Oswaldo Montenegro seria, na história de Lewis Carroll, Alice ou Chapeleiro Maluco? A fusão dos dois. Mas eu não me defino aqui. Isso aqui é muito mais ligado a uma selvageria brincalhona, a um caos colorido. Não o caos como uma coisa depressiva, mas como uma coisa de felicidade, de alegria, de botar as coisas pra fora, mudar a cor do ambiente quando quiser. É claro que eu poderia mudar as cores com luzes. Mas fazer isso de forma artesanal é, acima de tudo, divertido. Pintando sou só uma criança desajeitada.

 

“Nunca vi um débil mental hesitar. Todo imbecil é convicto. O inteligente não tem certeza de nada”

Você usa alguma substância para se inspirar? Química? Nenhuma. Eu não uso droga nenhuma, nem bebo.
Nem café? Tomo muito café, muita Coca Zero.

Qual sua dieta?
Olha, eu como muita clara de ovo, de uma maneira inacreditável. É um hábito de jovem. Como muito pão. Sou vegetariano. Não como nada de carne. Mas nunca pensei nisso. Quando tinha 18 anos, parei de comer.

Percebi que você tem duas balanças no seu quarto. Tá sempre de olho do peso?
Tenho uma preocupação com o peso. Porque gosto da comida. Estou com 68 kg. Tenho 1,80 m. Vou fazer 54 anos. Estou sequinho.

Que xampu Oswaldo Montenegro usa?
Ah, estou cagando pra xampu [risos].

Suas canções florescem da ternura, da pureza e da inocência ou do mistério e do sobrenatural?
Dos dois.

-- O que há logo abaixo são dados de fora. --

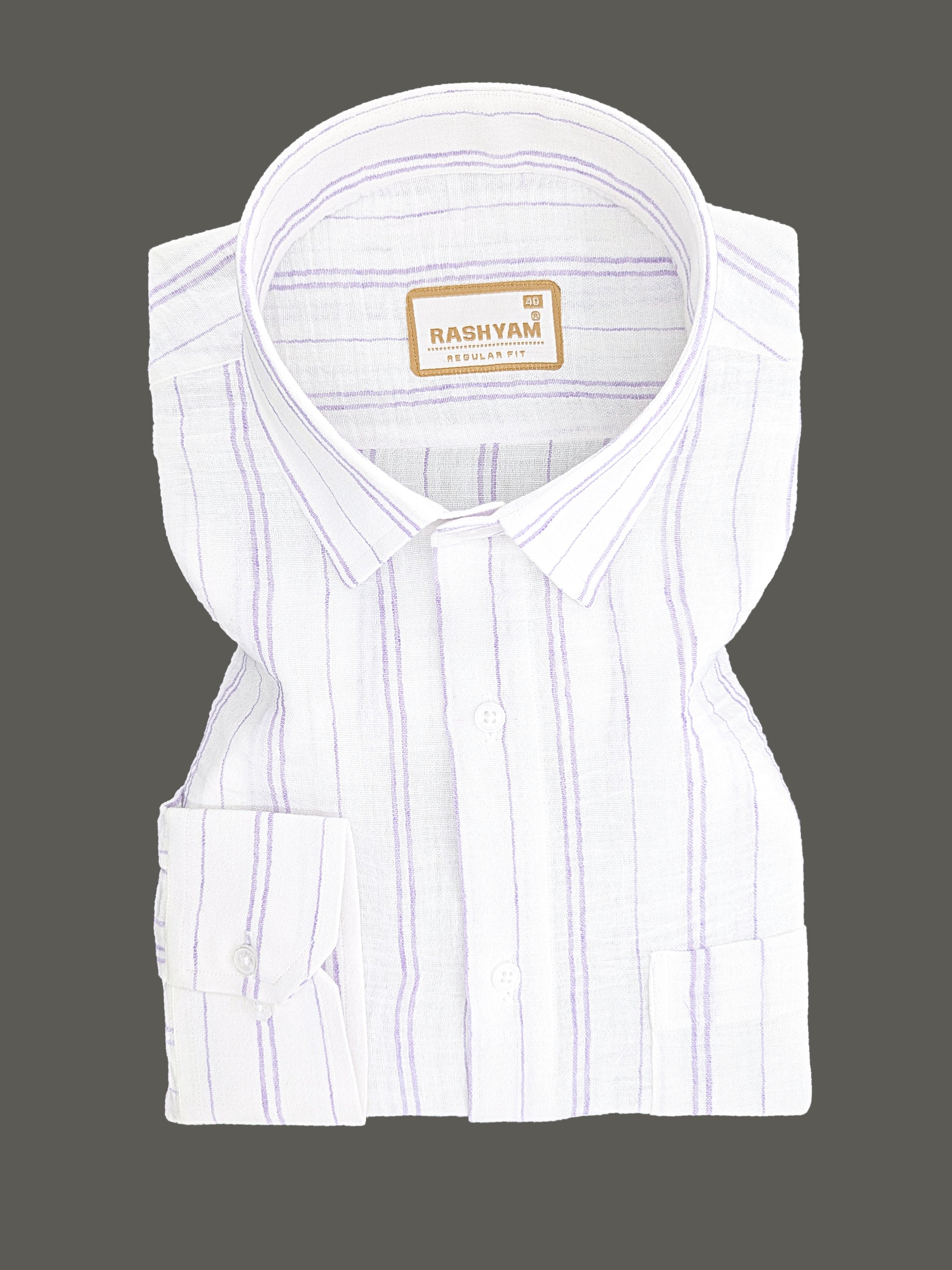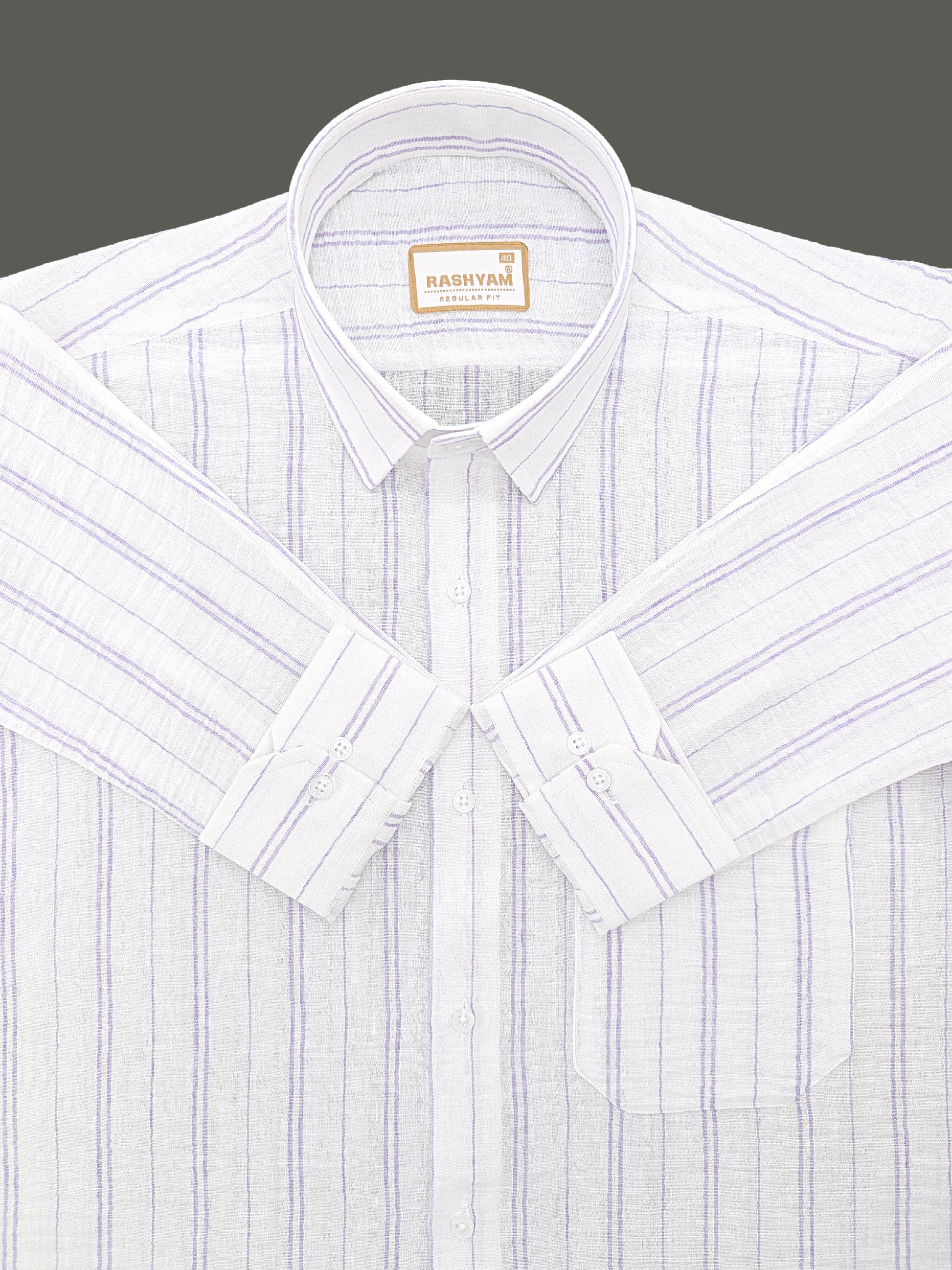 Milano Light Purple Double Line On White Formal Shirt For Men
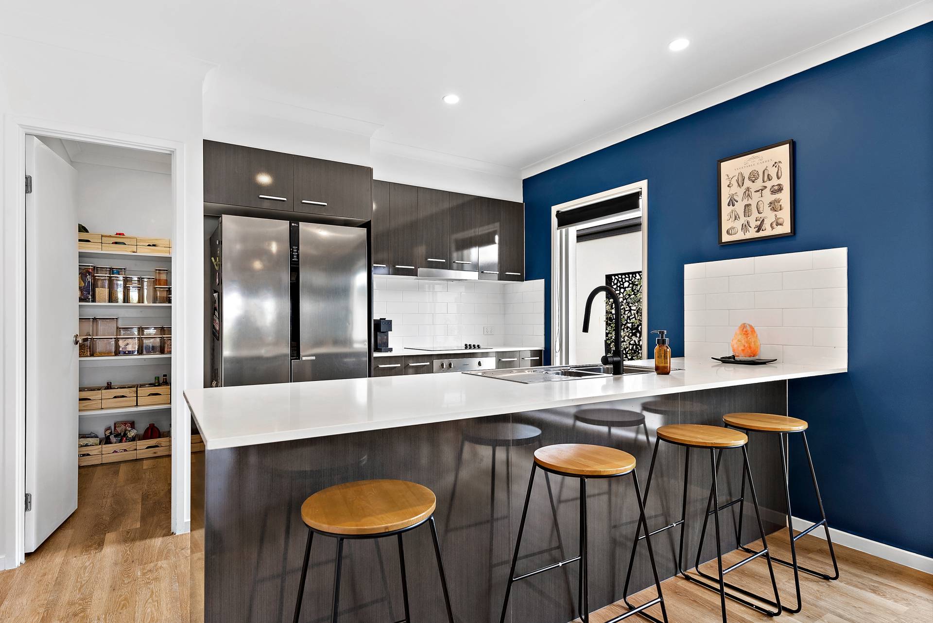 Entertainers kitchen with reconstituted stone bench-tops, modern appliances and walk-in pantry

Tem uma música minha que fala assim: “Tudo que pensei saber ainda é mistério. O ciclo começa por onde: noite ou manhã? É sempre o mesmo deus ou troca como ministério? Eu sei que Deus frequenta a arquibancada do Maracanã”. Chama “Mistérios”. Sou uma pessoa que acredita na dúvida. Acho que a dúvida tem muita saúde porque você não pode estabelecer organizações poderosas em torno da dúvida. Você nunca vai ter um fanático liderando em nome da dúvida. Nunca vai ter um ditador que tenha dúvida. Todas as coisas que fazem mal no mundo vêm de certezas absolutas. Nunca vi um débil mental hesitar. Todo imbecil é convicto. O que caracteriza uma pessoa inteligente é ouvir o outro, não ter certeza absoluta de nada.

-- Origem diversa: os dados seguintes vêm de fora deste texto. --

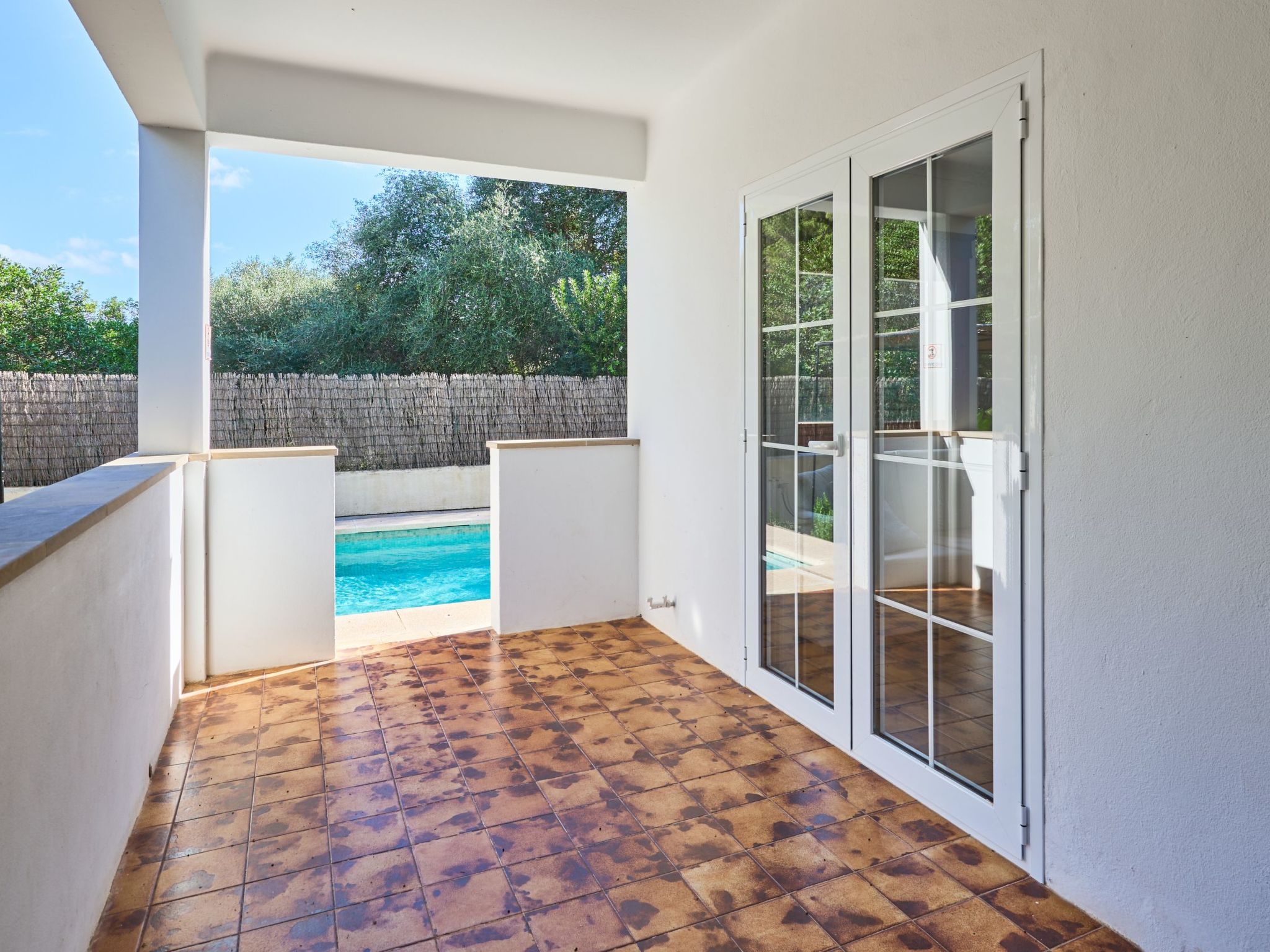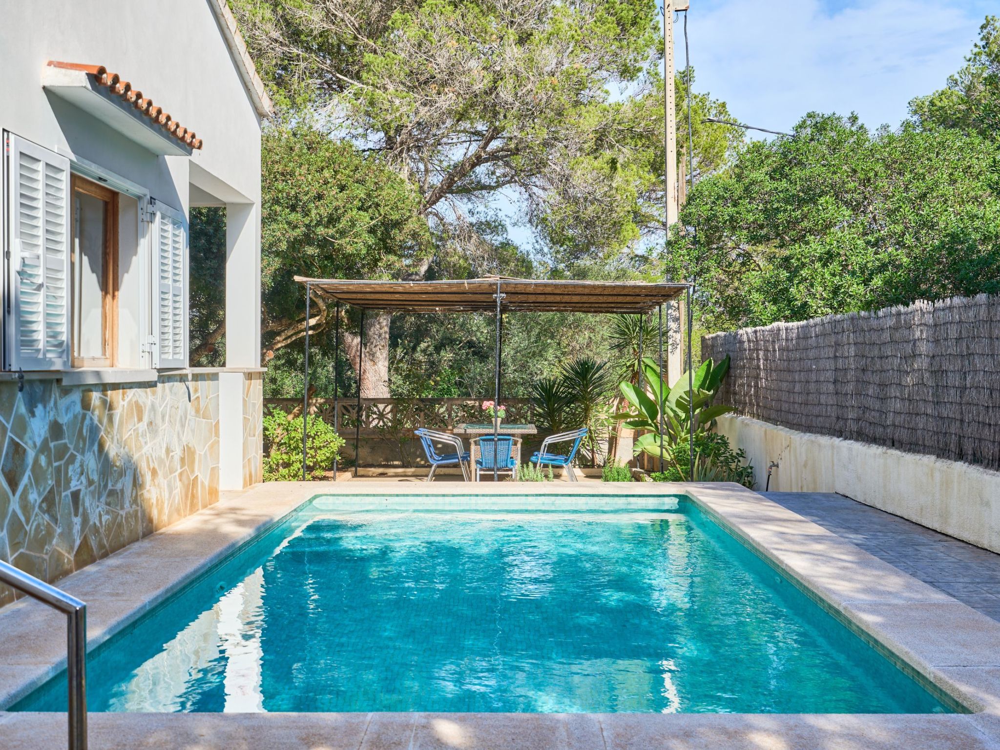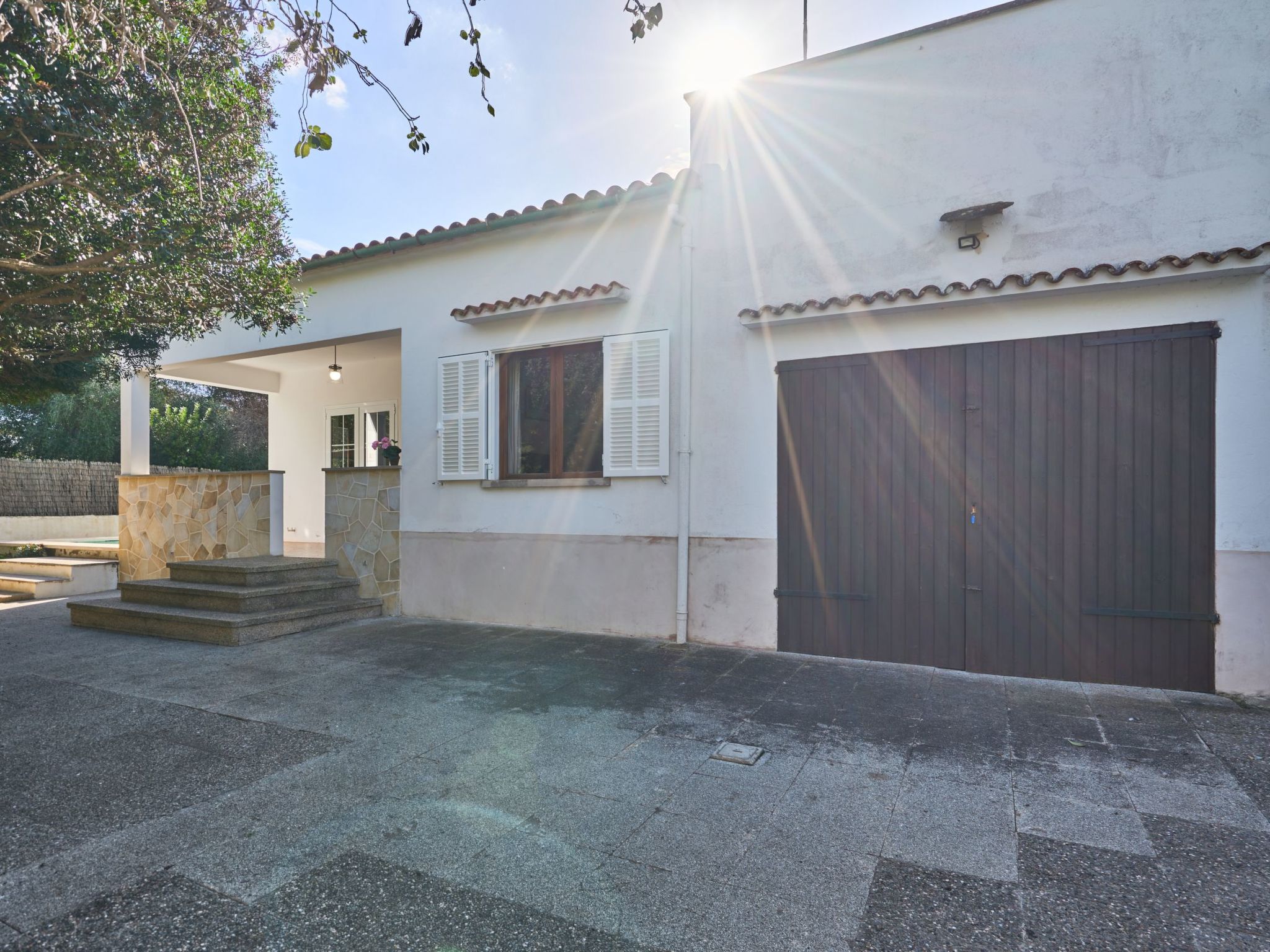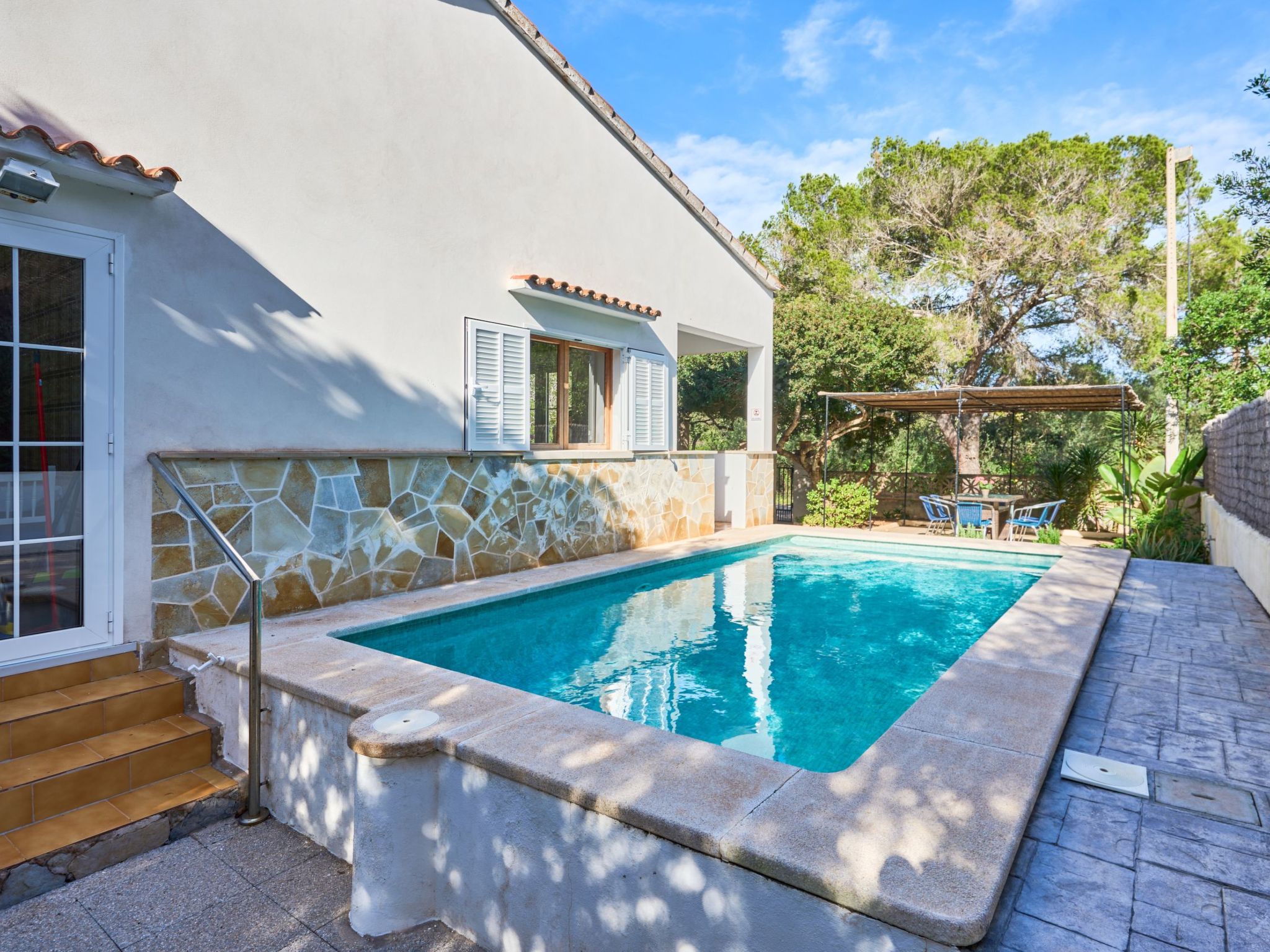 Drei Stufen führen auf die überdachte Terrasse und zum Eingang des Hauses. Das gemütliche Ferienhaus ES PINAR liegt auf einem ca. 400 m² großen, vollständig umzäunten Grundstück und bietet eine Wohnfläche von ca. 130 m²:

Tem uma história que circula na mídia de que oito psicólogos atestaram que você é deficiente mental. Por outro lado, você é superdotado para outras coisas. Que história é essa?
Todas as pessoas têm uma inteligência multifacetada, têm habilidade para algumas coisas e pouca para outras. No meu caso, isso é extremamente exacerbado. Principalmente na área da inteligência espacial. É o que o piloto, o arquiteto tem. E é isso que eu não tenho.

Qual a sua opinião sobre o pansexual do rock’n’roll Serguei?
[Risos] Eu acho que Serguei é uma figura muito bonita na sua expressão de liberdade. Um mestre na arte de abraçar arvores.

A crítica sempre bateu em você, não?
Graças a Deus. Eu sempre tive, em cada disco, DVD, os elogios mais exaltados e críticas poderosas. Isso sempre caracterizou meus discos de maior sucesso. Quando foi só elogiado, não aconteceu.

Alguns dizem “essa foi uma obra-prima de Oswaldo Montenegro”. Outros dizem, “outra droga de Montenegro”...
Isso é a consagração. Quando há as duas partes, aí você chegou lá. O que caracteriza o artista é a coragem. Gente que toca bem e canta bem tem milhões no mundo. Você tem que ser único.

Você tem um visual de druida, de mago.
Exatamente. Mas eu não sou nem druida, nem mago. Não me considero um poeta místico. Sou um poeta da dúvida.